Each fin 30 is designed to have continuous lines of wave crests 34 and continuous lines of wave troughs 36 arranged at a preset angle in a specific angle range of 10 degrees to 60 degrees relative to the main stream of the air flow and symmetrically folded back about folding lines of a preset folding interval W along the main stream of the air flow. A ratio (a/p) of an amplitude 'a' of a waveform including one wave crest 34 and one adjacent wave trough 36 to a fin pitch 'p' satisfies a relation of 1.3xRe-0.5 < a/p < 0.2. A ratio (W/z) of the folding interval W to a wavelength 'z' of the waveform satisfies a relation of 0.25 < W/z < 2.0. A ratio (r/z) of a radius of curvature 'r' at a top of the wave crest 34 or at a bottom of the wave trough 36 to the wavelength 'z' of the waveform satisfies a relation of 0.25 < r/z. The continuous lines of the wave crests 34 and the continuous lines of the wave troughs 36 are arranged to have an angle of inclination α of not less than 25 degrees at a cross section of the waveform. This arrangement effectively improves the heat transfer coefficient of a heat exchanger and thereby allows effective size reduction of the heat exchanger.

Description

    Technical Field
  • The present invention relates to a heat exchanger, and more specifically pertains to a heat exchanger designed to perform heat exchange by making a fluid flow between at least two opposed heat transfer members.
  • Background Art
  • One proposed heat exchanger is an in-vehicle corrugated fin tube heat exchanger including multiple flat tubes arranged to make a coolant flow and corrugated fins attached between adjacent pairs of the multiple flat tubes (see, for example, Japanese Patent Laid-Open No. 2001-167782 ). One proposed structure of a cross fin tube heat exchanger uses multiple slit fins with thin slits formed therein (see, for example, Japanese Patent Laid-Open No. 2003-161588 ). Another proposed structure of the cross fin tube heat exchanger uses wavy fins with wave crests and wave troughs formed in a direction perpendicular to the direction of the air flow (see, for example, Japanese Patent Laid-Open No. 2000-193389 ). Still another proposed structure of the cross fin tube heat exchanger uses V-shaped wavy fins having wave crests and wave troughs arranged in a V shape at an angle of 30 degrees relative to the direction of the air flow (for example, Japanese Patent Laid-Open No. H01-219497 ). These proposed techniques adopt various shapes of fins with the purpose of accelerating heat transfer in the fin tube heat exchangers.
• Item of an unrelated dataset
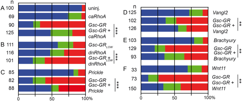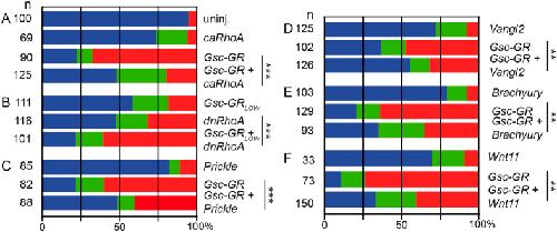 Figure 6. Rescue of Gsc-GR mediated NTD/BPD by Wnt/PCP pathway components.Xenopus embryos were injected with the indicated mRNAs into the dorsal marginal region of all cells at the 4-cell and cultured to stage 22. Dex was added when Gsc-GR was used. Specimens were scored for normal appearance (blue bars), NTD (green) and BPD (red). (A) constitutively active RhoA; (ca; A) dominant-negative (dn) RhoA; (C) Prickle; (D) Vangl2; (E) Brachyury; (F) Wnt11. Uninjected embryos (uninj.) served as controls. Note that rescue was observed upon co-injection of Gsc-GR with ca-RhoA, Prickle, Vangl2, Brachyury and Wnt11, while enhanced phenotypes were seen with co-injected dn-RhoA. As embryos in the latter combination showed high rates of lethality, the dose of injected Gsc-GR was reduced from 400âpg to 160âpg. Cf. Table S1 for numbers and statistics. |

  • Disclosure of the Invention
  • In the prior art heat exchanger with the slit fins or in the prior art heat exchanger with the wavy fins, however, while the slits or the wave crests and wave troughs improve the heat transfer coefficient, the resulting projections or the resulting partial cutting and folding may cause separation of the air flow or a local speed multiplication to increase the ventilation resistance rather than the heat transfer coefficient. In application of such a heat exchanger for an evaporator in refrigeration cycles, the water vapor content in the air may adhere in the form of dew or frost to the heat exchanger and clog the slits or the waveforms with condensed water or frost to interfere with the smooth air flow. In the prior art heat exchanger with the V-shaped wavy fins, there is no separation of the air flow or local speed multiplication caused by the projections or the partial cutting and folding. The V-shaped wave crests and wave troughs on the V-shaped wavy fins may, however, have the low heat transfer coefficient or the high ventilation resistance.
  • By taking into account the problems of the prior art techniques discussed above, there would thus be a demand for forming an appropriate shape of wave crests and wave troughs in the V-shaped wavy fins of the heat exchanger, so as to provide a high-performance, small-sized heat exchanger having high efficiency of heat exchange.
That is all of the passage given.